With another subtle glance over my shoulder, I nudged my sister.

“They’re still there?” she whispered, without moving her lips.

I nodded slightly.

Walking back to our hotel from the café, we had just finished watching Les Bleus win yet another game in the world cup. The metro had closed for the night, and like typical twenty-somethings we had carelessly missed the last bus by about 20 minutes.

Cafe

“What should we do?” she asked under her breath. She had clearly deferred all judgement to me, the Francophile of the trip. Either that, or she thought my two years on her had prepared me for late-night muggings.

“Just keep walking like nothing’s happening. If we get close to the hotel, we’ll turn a corner and try to lose them,” I murmured, my voice firm.

People warned me that Nice was the most dangerous city in France at the time, prone to pickpockets and petty street crimes. In my typical way, I laughed off naysayers with a flip of my hand, claiming “I’m from L.A. Nothing frightens me.”

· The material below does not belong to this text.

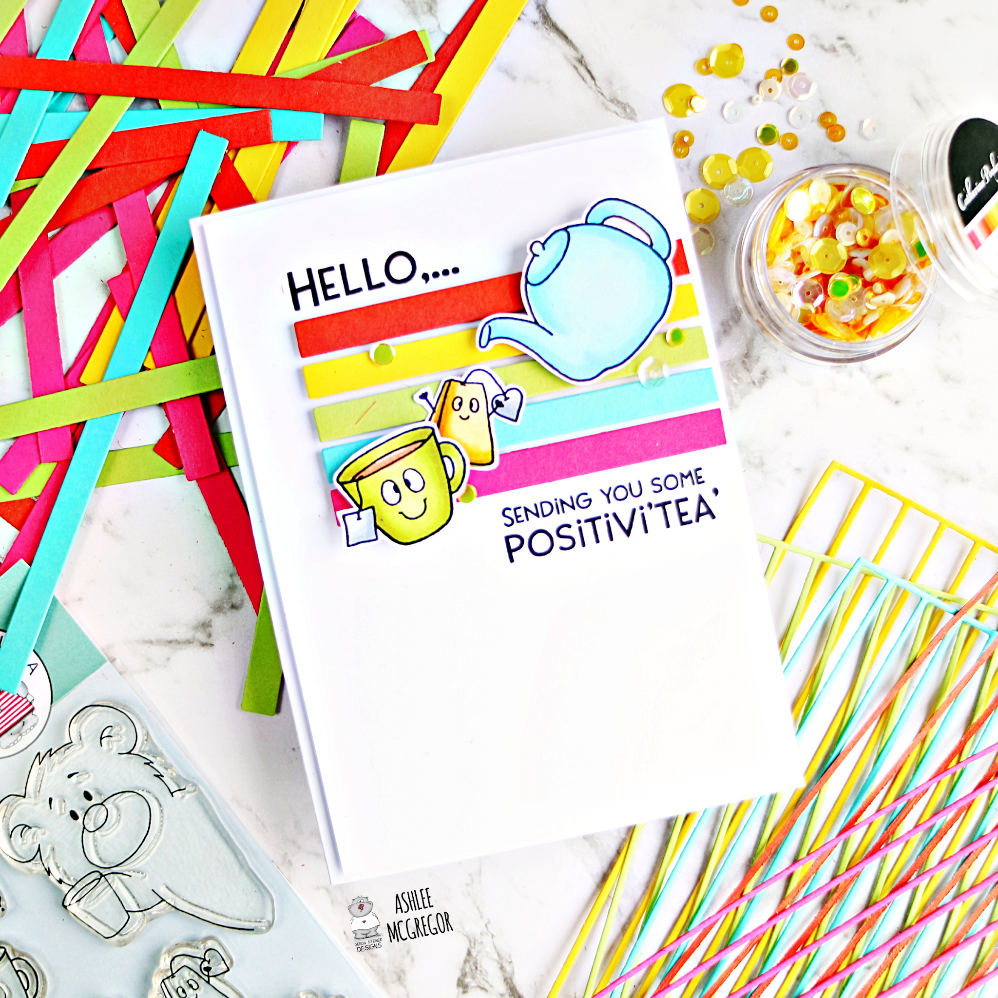 My card today uses one of the latest released stamp sets "Positivi-tea" which I think is my new fave GSD set (Oh gosh who am I kidding, I love every GSD set hehe)!!

Now these two men, who had remained a few meters behind us for the last twenty blocks.

The hotel was 4 or 5 kilometers away from the café, a dive by the airport. During the day, this distance wasn’t bad, but well past midnight it seemed like a bit of a trek, and neither of us had enough for what was sure to be a 20€ cab ride.

“What if they do something before that?” She emphasized “do something” as if describing an act too ugly to name.

“Can you believe they won again?” I said at a normal volume, trying both to steer her away from panic and to not be obvious about conspiring how to junk-punch the two men behind us.

Thankfully, she caught on, stating a little too loudly “No, it was so cool. What a great game.”

I reached into my very un-French canvas purse, digging around until I found the cylinder on my key ring. Unlocking the safety latch, I kept my hand in there.

“Should we go to the police?” she asked, her voice returning to a whisper.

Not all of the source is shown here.